After all that has happened over the last couple of months for Charlie, he reflects on those who have supported him and continue to do so. “The people that are really at the forefront of the HIV response, I haven’t lost their faith because of this, I haven’t lost their support. This is the strategy and this is the messaging that is being adopted globally. And for the most part people in the community have really had my back and been there for me, and that has been extremely gratifying and humbling.”

When asked if he would consider himself a role-model, he says “I didn’t set out to be a role model, I didn’t do this to be on a pedestal – this was just the most expedient way I could think of to have a platform to get the message of HIV out to the general public and also on a global level. I think people fail to realise its other people who put that ‘role model’ mantel on you so obviously they just love it when there’s a skeleton in the closet so they can then be like “omg look, it’s a disgraced role model!” He is however definitely leading the pack when it comes to being open and honest about his sex life.

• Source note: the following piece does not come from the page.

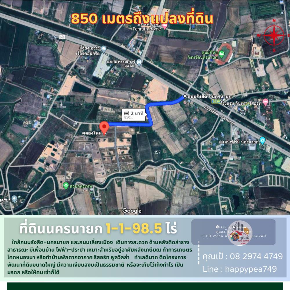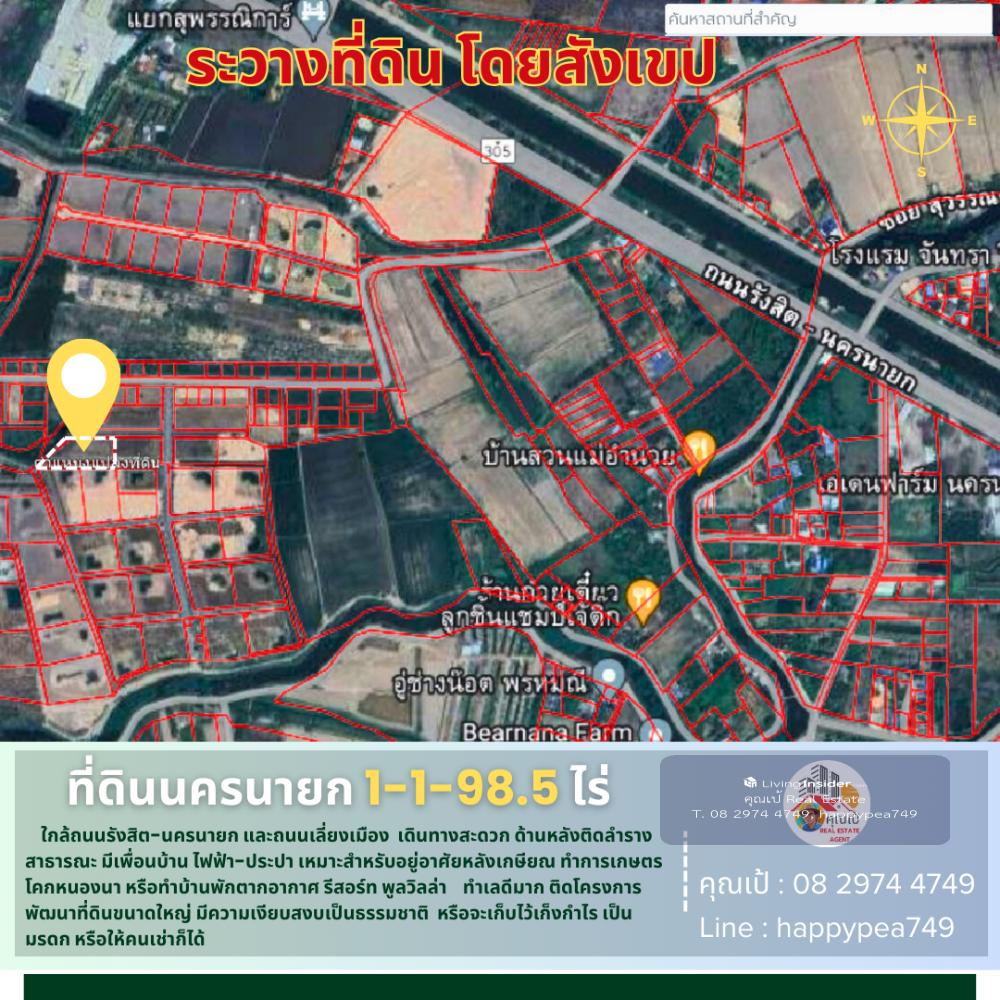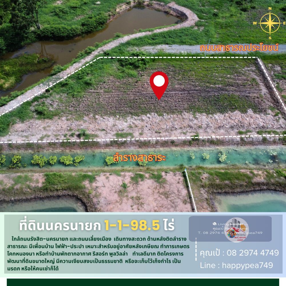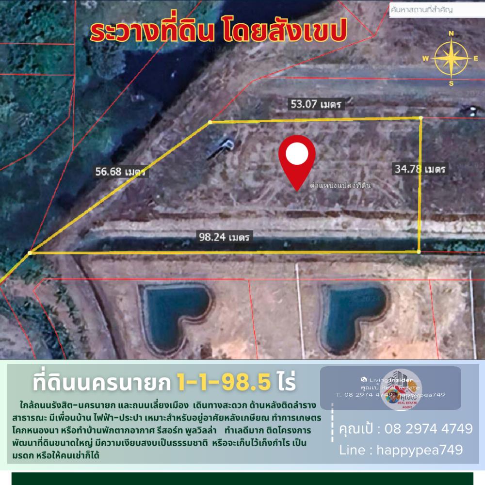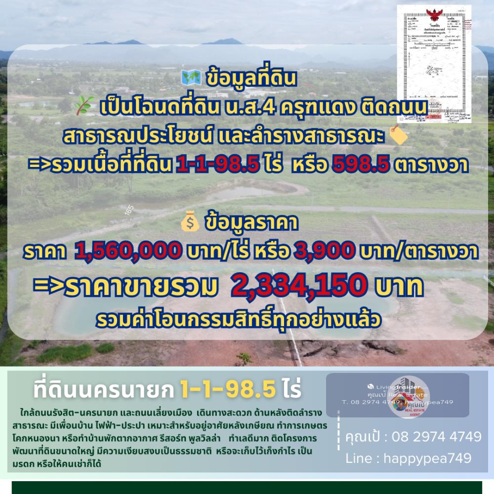 💰 This land in Nakhon Nayok is a vacant land with an area of 1-1-98.5 rai or 598.5 sq.wa. It is located near Suphannika Intersection, Rangsit-Nakhon Nayok Road (305) and the bypass road (By PASS) The landmark of the entrance to the land plot is that it is opposite the Nakhon Nayok Provincial Stadium and the Chantra Resort Hotel. The entrance road is a public road, 12 meters wide, convenient, only 850 meters from Rangsit-Nakhon Nayok Road (305). The surrounding area is rice fields and agricultural gardens. The mountain view is very beautiful. It is quiet and natural. The atmosphere is good. It is near Khlong Phrommani. The land plot is a trapezoidal shape. The front is on a public road. The back is on a public canal. There is electricity and water in front of the plot. Suitable for building a house for retirement or investing in a vacation home, resort, pool villa to welcome tourists. And importantly, this plot is located in front of a large land development project. For investors, it is definitely worth buying for long-term speculation. 🚧 Location Phrommani Subdistrict, Mueang Nakhon Nayok District, Nakhon Nayok 26000 📍Pin navigation Land plot coordinates https://maps.app.goo.gl/ncv61a9QgVfPHJKW6 🧶 Green urban plan, rural and agricultural type 📍 Nearby important places 850 meters from Rangsit-Nakhon Nayok Road (305) 1.3 kilometers from Suphannika Intersection (Bypass Road) 4 kilometers from Nong Chachacha Noodle Shop, 10 kilometers from Chulachomklao Royal Military Academy/Khao Cha-ngok Golf Course 18 kilometers from the Armed Forces Academies Preparatory School, 6 kilometers from Nakhon Nayok Hospital 5 kilometers from Royal Hill Golf Resort & Spa, 10 kilometers from Makro Nakhon Nayok 26 kilometers from Sarika Waterfall, 26 kilometers from Khun Dan Prakan Chon Dam 35 kilometers from Khao Yai National Park Checkpoint, Nen Hom Checkpoint, 72 kilometers from Future Park Rangsit 🗺️ Land information 🌿 It is a title deed for land, NS.4, Red Garuda, located on a public road and a public canal. 🏷️ =>Total land area 1-1-98.5 rai or 598.5 square wa 💰 Price information Selling price 1,560,000 baht/rai or 3,900 baht/square wa =>Total selling price 2,334,150 baht, including all transfer fees 🌟 A great investment opportunity that you shouldnt miss! 🔑 📢For more information, feel free to chat, we are friendly and easy to talk to. Contact 🤵Khun Pae Real Estate Agent Accepting deposits, buying and selling beautiful land for investment, business and residence. 📞Tel. Contact number 📟 Line : happypea749 Click https://line.me/ti/p/WbmkWfUuvu 🎉See other land plots https://www.livinginsider.com/public_profile/1/eDbjy.html #Land by the canal #Land by the road #Nakhon Nayok land #Land by the mountain #Land by the water #Sariga #Investment #Land #Pool villa #Vacation home #Agriculture #Farm #Capitalist #Investor #Khok Nong Na #Land Plot #Millionaire #Land Millionaire #Khun Pae #Investor #Suphannika #Land for sale #Nakhon Nayok #Good location land #Business investment #Real estate #Business #Empty land #Highway #Investment opportunity #retirement home #retirement land #land for investment #Phrommani land #Khun Dan Prakan Chon Dam #Khao Yai #Nongs Noodles #Chulachomklao Royal Military Academy #Army Preparatory School

“For some reason as with any discussion about sex, we have been conditioned to not talk about it but boy do we like to judge it. Even in today’s society, it’s like our sex life should be private. So here I am, happy to talk about it and then oh, heaven forbid you’re gay and HIV+ and talking about sex! How do we unpick that and have honest conversations about this stuff when slut shaming or HIV-shaming or any other kind of stigma is still so prevalent?”

It is clear that Charlie Tredway is incredibly passionate about HIV education and advocacy, and that these hurdles have done nothing to impede his desire to use Mr Gay World as a platform to move the HIV response and awareness along.